L'interprétation dont il est ici question n'a pas la signification habituelle dans le champ de la psychanalyse. Elle ne porte pas sur l'équivoque d'un signifiant qui ouvrirait sur une signification latente. L'interprétation, signifiée d'une parole ou d'un geste, porte sur des gestes de l'enfant, des attitudes, des expressions, qui constituent des signes. Il est nécessaire

de leur donner valeur signifiante, ce qui n'est possible qu'à condition d'accepter de recevoir émotionnellement ce que l'enfant transmet pour lui donner du sens. Cette interprétation prend le risque d'une projection de ses propres émotions, d'une mise en jeu de ses propres ressentis conscients ou non en écho à la situation présentée par l'enfant.

Pourtant, bien des psychanalystes se sont intéressés à cette dimension des premières interprétations reçues par le très jeune enfant, et qui ne sont pas par lui compréhensibles. F. Ferenczi309 parle de la confusion des langues entre les adultes et l'enfant. Jean Laplanche310 souligne également cette dimension, source d'une séduction, mais aussi d'une violence comme effets de l'énigme inhérente à cette dissymétrie. Il décrit le monde dans lequel est plongé l'enfant : « Un monde de signifiance et de communication, débordant de toutes parts les capacités d'appréhension et de maîtrise de l'enfant. … Ces signifiants originaires, traumatiques, nommons-les signifiants énigmatiques ».

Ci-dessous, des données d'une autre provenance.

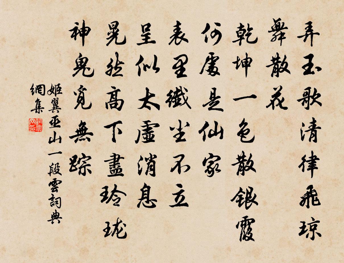 詩詞名句歷史字典書法欣賞書法字典國語詞典說文解字康熙字典古漢語字典標 題 作 者 詩 句 巫山一段雲作者:姬翼 朝代:元代巫山一段雲原文弄玉歌清律,飛瓊舞散花。乾坤一色散銀霞。何處是仙家。表里纖塵不立。呈似太虛訊息。晃然高下盡玲瓏。神鬼覓無蹤。詩詞問答問:巫山一段雲的作者是誰?答:姬翼問:巫山一段雲寫於哪個朝代?答:元代問:巫山一段雲是什麼體裁?答:詞姬翼巫山一段雲書法欣賞巫山一段雲書法作品詩詞推薦殢人嬌(王都尉席上贈侍人)蘇軾〔宋代〕滿院桃花,儘是劉郎未見。於中更、一枝纖軟。仙家日月,笑人間春晚。濃睡起,驚飛亂紅千片。密意難傳,羞容正月九日微雪二首趙蕃〔宋代〕霰雪纖纖晚倍寒,梅花清瘦不 * 。小園準擬尋詩去,少待侵苔屐齒乾。與崔二十一游鏡湖寄包賀二公孟浩然〔唐代〕試覽鏡湖物,中流見底清。不知鱸魚味,但識鷗鳥情。帆得樵風送,春逢穀雨晴。將探夏禹穴,稍背越王城。府掾步桐台詩江淹〔南北朝〕客子畏霜雪。憂至竟悠哉。綺帷生網羅。寶刀積塵埃。思君出漢北。鞍馬登楚台。歲彩合雲光。平原秋色來。寂聽題君子亭廖行之〔宋代〕疏池種瓊瑤,築屋看雲錦。愛渠花種賢,佳處心自領。我愛池中花,花中有君子。相看亭上人,其人亦如是。行香子 京山道中宋褧〔元代〕竹院松庭。犬吠雞鳴。被田家、畫出昇平。園林掩映,鞍馬經行。悵暮天低,寒日澹,曉風輕。浮世浮名。役使神秦樓月蒲道源〔元代〕皇都曉。堯階奉引瞻天表。瞻天表。麒麟不動,御香輕梟。電光曾記樞星繞。昇平自此開先兆。開先兆。堯天日月秋雨嘆陸游〔宋代〕淙淙雨聲瀉高秋,稻粱浸瀾雨不休。志士仁人萬行淚,孤臣孽子無窮憂。一身窮困未暇恤,如此無事理有不?聖言六月晦日同樓少府由錢塘門至上竺遂游下中竺喻良能〔宋代〕聯輿緩步踏蔥蒼,十里荷香雜稻香。庚暑此時無一點,秋風明月灑長廊。林間岩洞侵衣潤,水際亭台徹骨涼。何處古風一首送常明仲還里社吳潛〔宋代〕韙軒吾石友,相從三十年。舌本多文獻,胸笥皆簡編。脊樑硬於鐵,雖貧不言錢。古井波愈靜,老乾骨尤堅。眨眼哭芸居胡仲弓〔宋代〕錦囊方絡繹,忽報殞吟身。泉壤悲千古,江湖少一人。病懷詩眷屬,醫欠藥君臣。脂嶺西風急,興思暗愴神。江南雜詠陳維崧〔清代〕雞狗騷然,朝驚北陌暮南阡。印響西風猩作記,如鬼,老券排家驗鈐尾。送朱制乾象祖文天祥〔宋代〕一官聱漫任如何,屢疏箋天氣不磨。宋祚萬年陳大計,周圖五字訂前訛。重尋范老憂時箸,旁豎文公衛道戈。投匭紹興十三年發皇后冊寶十三首佚名〔宋代〕天子當陽,群工就列。冊寶既陳,鐘鼓德設。上公奉事,容莊心協。克相盛禮,光昭玉牒。次韻何文縝墨梅二絕張子文〔宋代〕仙衣雲樣拂輕緇,林下神情特地宜。妒婦津頭風恐急,壞妝聊為變冰姿。武夷山仙城徐凝〔唐代〕武夷無上路,毛徑不通風。欲共 * 住,仙城半在空。花犯 詠梅周邦彥〔宋代〕粉牆花低,梅花照眼花,依然舊風味。露痕輕綴。疑淨洗鉛華,無限佳麗。去年勝賞曾孤倚,冰盤共燕喜。更可惜五言夜集聯句顏真卿〔唐代〕寒花護月色,墜葉占風音。 ——皎然茲夕無塵慮,高雲共片心。 ——顏真卿成都蕭遘〔唐代〕月曉已開花市合,江平偏見竹簰多。好教載取芳菲樹,剩照岷天瑟瑟波。句方公權〔宋代〕一身擔得烏山起,雙手拿將龍□歸。名句推薦雲來山更佳,雲去山如畫。張養浩《雁兒落兼得勝令》 君子反道以修德;正德以出樂;和樂以成順。呂不韋《呂氏春秋·紀·季夏紀》 雍雍新雁咽寒聲,愁恨年年長相似。李煜《謝新恩·冉冉秋光留不住》 柳絮風輕,梨花雨細。謝逸《踏莎行·柳絮風輕》 君寵益嬌態,君憐無是非。王維《西施詠》 春山暖日和風,闌乾樓閣簾櫳,楊柳鞦韆院中。白樸《天淨沙·春》 菱葉縈波荷颭風,荷花深處小船通。白居易《採蓮曲》 水至清則無魚,人至察則無徒。班固《漢書·傳·東方朔傳》 當場不論,過後枉然。佚名《增廣賢文·下集》 青春花姊不同時。淒涼生較遲。吳文英《醉桃源·芙蓉》
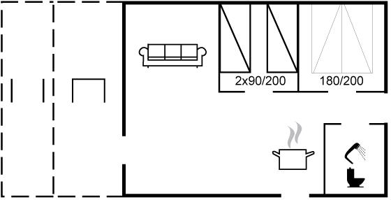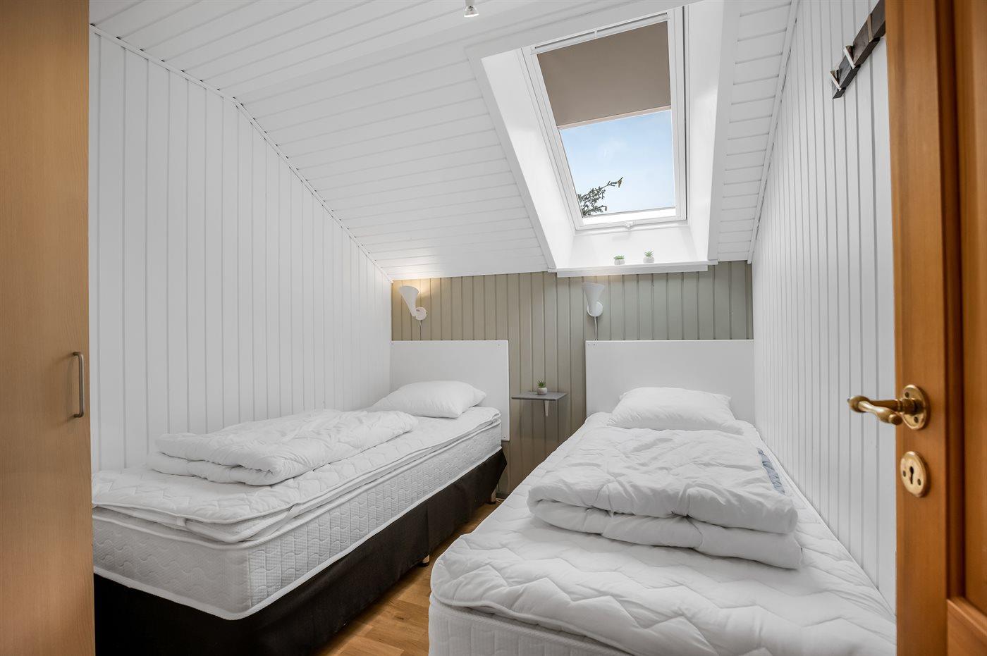 Der er i alt 2 soveværelser. Sovepladserne fordeler sig på: 2 sovepladser i dobbeltseng. 2 sovepladser i enkeltsenge.

Une nuance dans la comparaison avec l'enfant polyhandicapé est nécessaire. La mère d'un enfant sans atteintes visibles se tient dans une assurance selon laquelle, si son enfant ne comprend pas encore l'énoncé de ce qu'elle lui dit, il en sera capable plus tard. Piera Aulagnier311 souligne d'ailleurs l'importance de cette attente maternelle de l'apparition chez son enfant de la capacité à penser. « Le pouvoir d'intellection est attendu comme ce dernier venu qui viendra confirmer à la mère la réussite ou l'échec de sa fonction maternelle ». 312

L'enfant polyhandicapé est bien plongé dans un monde de signifiants énigmatiques, mais les attentes de l'entourage envers ses capacités intellectuelles sont plus limitées. C'est tout au moins ce qui peut s'en dire consciemment. Avant de reprendre, entre autres, les travaux de P. Aulagnier dans la partie suivante centrée sur l'émergence de la pensée, il serait nécessaire de s'attarder sur les difficultés rencontrées dans ce dialogue avec l'enfant polyhandicapé, évoqué tout au long de cette partie. Les entraves à ce dialogue viennent tout autant des difficultés propres à l'enfant que de celles de l'adulte qui s'approche de lui.

309

FERENCZI S. (1933) "Confusion des langues entre les adultes et l'enfant" in Psychanalyse, Tome IV, Paris, Payot, 1982

310 LAPLANCHE J. (1987) Nouveaux fondements pour la psychanalyse, Paris PUF 311 AULAGNIER P. (1987) La violence de l'interprétation. Paris, PUF.